I definitely agree with this. Because of my system, I couldn't do additional infusions as a traditional turbid does so I used decoction. I usually draw a little more for the decoction than Beersmith says because (a) my mash will lose a couple degrees from drawing off some, and (b), I'd rather over shoot a few degrees and stir down to target than fall short and try to get it back up.

Oginme said:
I was able to construct a step infusion mash profile which would possibly work, but again, it is trying to appropriately estimate the temperature of the next infusion which would give me pause in trusting the software.

Yeah in this case, I'll use Brewer's Friend or Green Bay Rackers mash calculator for hitting a target temp with an infusion if I'm doing something weird with my mash. Perhaps that not very accurate though, either?
 
Excellent notes. Thanks everyone!

For now I suspect that I will use a profile based on the new RIMS/HERMS Temp Type profiles with a schedule much like bobo1898's (which seems to loosely follow Sparrows "wildBrews", pg 141 (and many similar from the web)) and will use the notes to indicate the wort I draw off and put in a fourth pot to be heated to 190?F denature the enzymes.

The challenge for Brad is that this sort of a profile is not linear in that the extracted wort is accumulated alongside the proceeding mash and added back in at sparge.
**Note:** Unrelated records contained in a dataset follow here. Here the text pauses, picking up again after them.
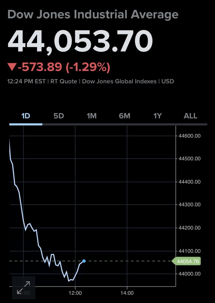 607 points, or 1.3%, were taken off the Dow Jones Industrial Average. The Nasdaq Composite fell 0.8% and the S&P 500 fell 0.8%.
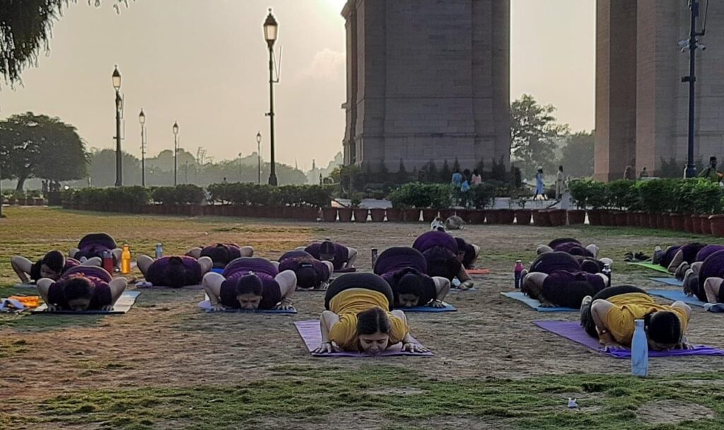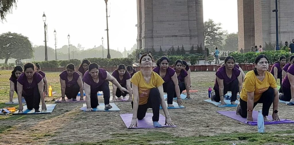 गाजियाबाद: आज दिनांक 29 नवंबर रविवार प्रातः काल 6:30 बजे से 7:30 बजे तक लगभग 34 योग साधिकायें जिनकी उम्र लगभग 12 से 70 वर्ष थी, इंडिया गेट,नई दिल्ली पहुंची. यह सभी साधिकायें योग गुरु रेनू तेवतिया और अर्चना शर्मा के नेतृत्व में राजनगर एक्सटेंशन की के.डब्ल्यू. सृष्टि सोसाइटी से एक बस से वहां पहुंची थी. जिनमें-आरती सिन्हा, अलका गुप्ता, अपर्णा, अरुणा नैय्यर, दीपिका मलिक, गुड्डी, मीनू त्यागी, मनीषा गुप्ता, महिमा त्यागी, प्रीति यादव, कमलेश चौधरी, रीना, रेनू गर्ग, रेखा,रुचि त्यागी, रीता त्यागी, सरोज यादव, शांताअजय, संयोगिता त्यागी, स्मिता, शिवा मिश्रा,सुमन सिंह, टिशा त्यागी, रिद्धि गुप्ता ,रेशु,श्वेता ,दीपा वर्मा नीतान्या अरोडा, प्राची,शैली, अपूर्वा त्यागी व आशी गुप्ता शामिल थी. इन्होने राजधानी के राजपथ पर इंडिया गेट के मैदान में 51 मिनट में सूर्य नमस्कार के 51 चक्र का प्रदर्शन किया और सूर्य नमस्कार के लाभों की जानकारी से अवगत कराया.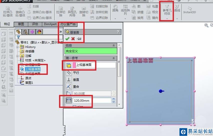 4、如下圖所示,首先點擊工具欄中的“參考幾何體”下方的三角圖標,然后在其展開的下拉菜單中點擊“基準面”,在彈出“基準面”對話框之后,點擊設計樹中的“上視基準面”作為第一參考,設置距離為120,然后打√。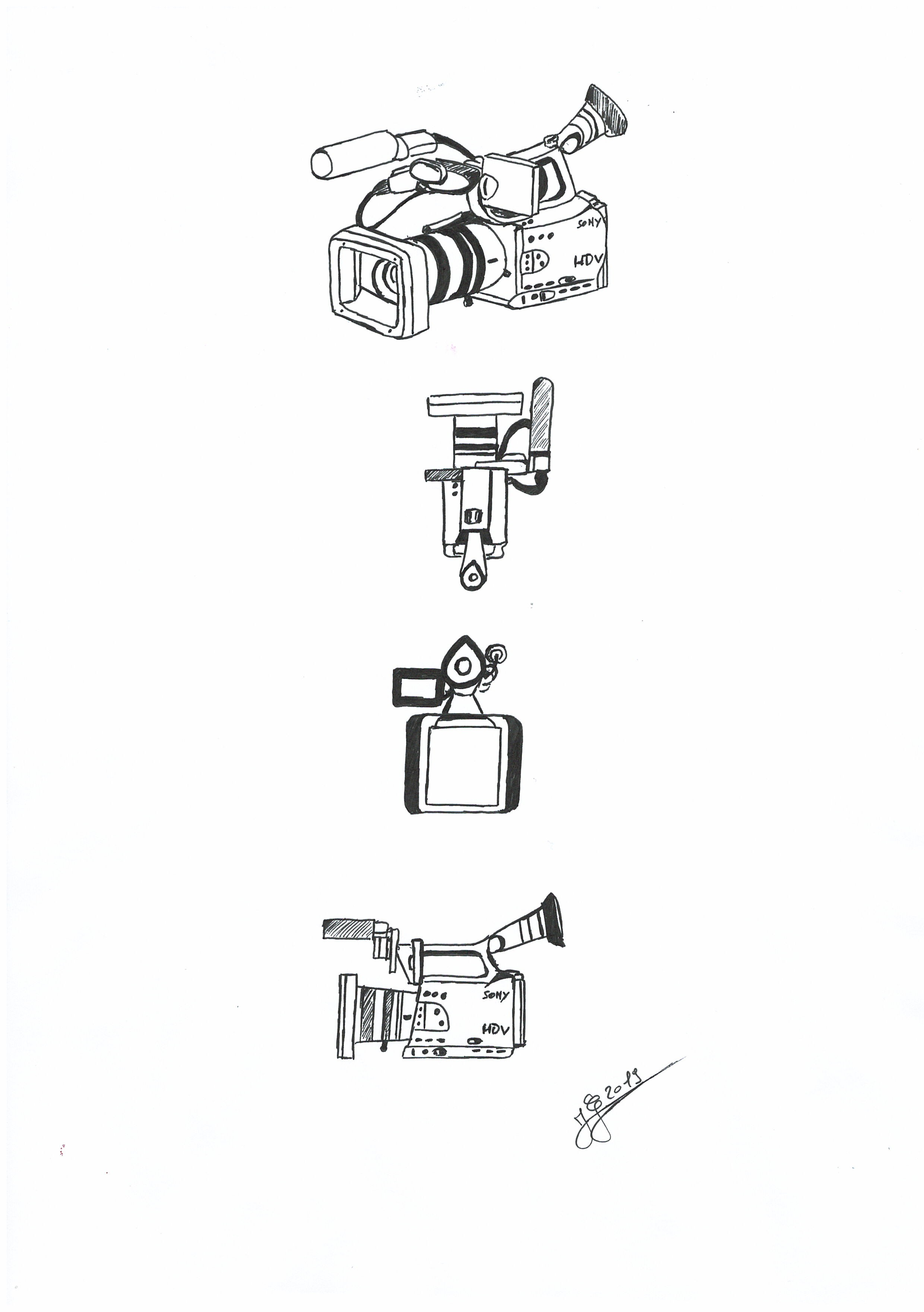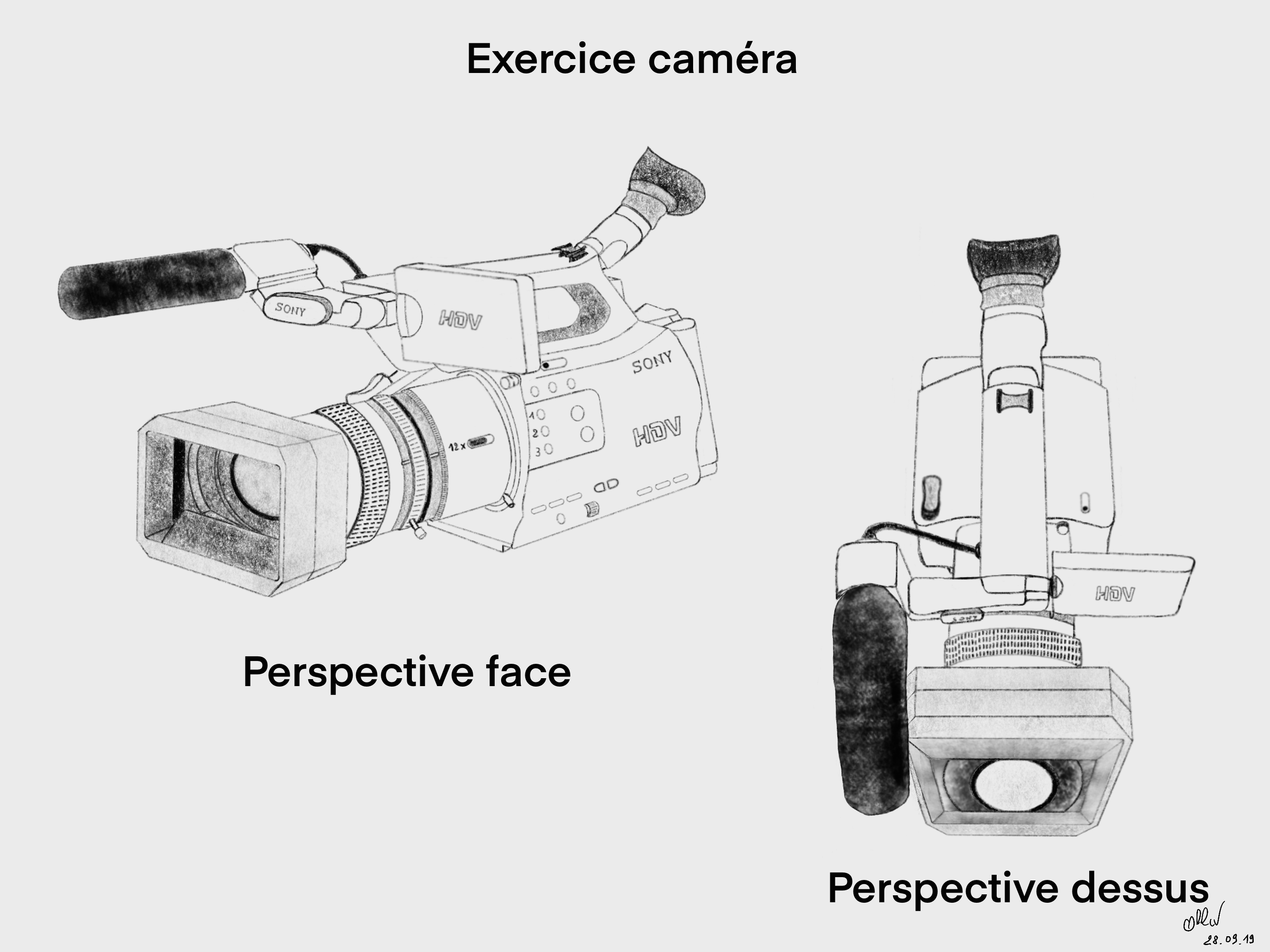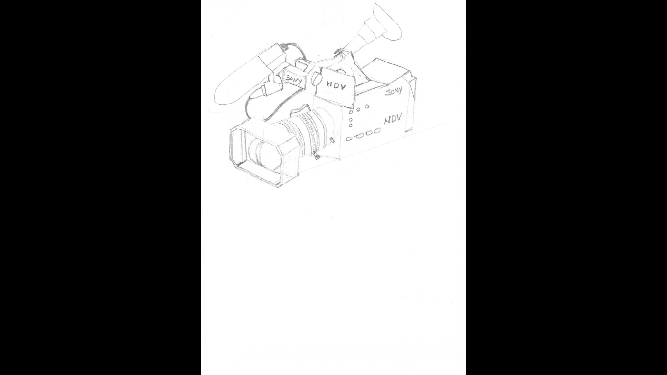 Je finalise enfin la 1ère vue perspective sur le second sujet "la caméra" en utilisant la technique des points de fuite que je découvre au passage.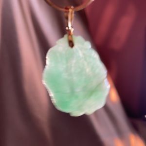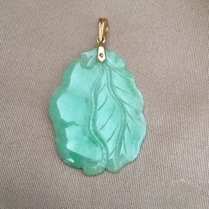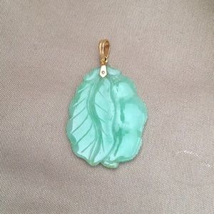 Fertility and Wealth are symbolized in this lovely pendant carving of a peapod. This natural jade is a beautiful shade and has a nice translucency. Set with a simple solid 14k (marked 585). Measures 1.5” from top of bale to bottom of pendant and 1” wide.

Even decoction steps proceed linearly as I understand them. It would be cool to have it in the tool, but, for now, the notes will certainly do.

2018-11-17: Additional note: the traditional use of very small amounts of liquor would cause me to not be able to use the RIMS. I suspect that I will use infusion until it's time for vorlauf, or maybe mash-out. Still thinking on the details and trying things in BeerSmith. Cheers!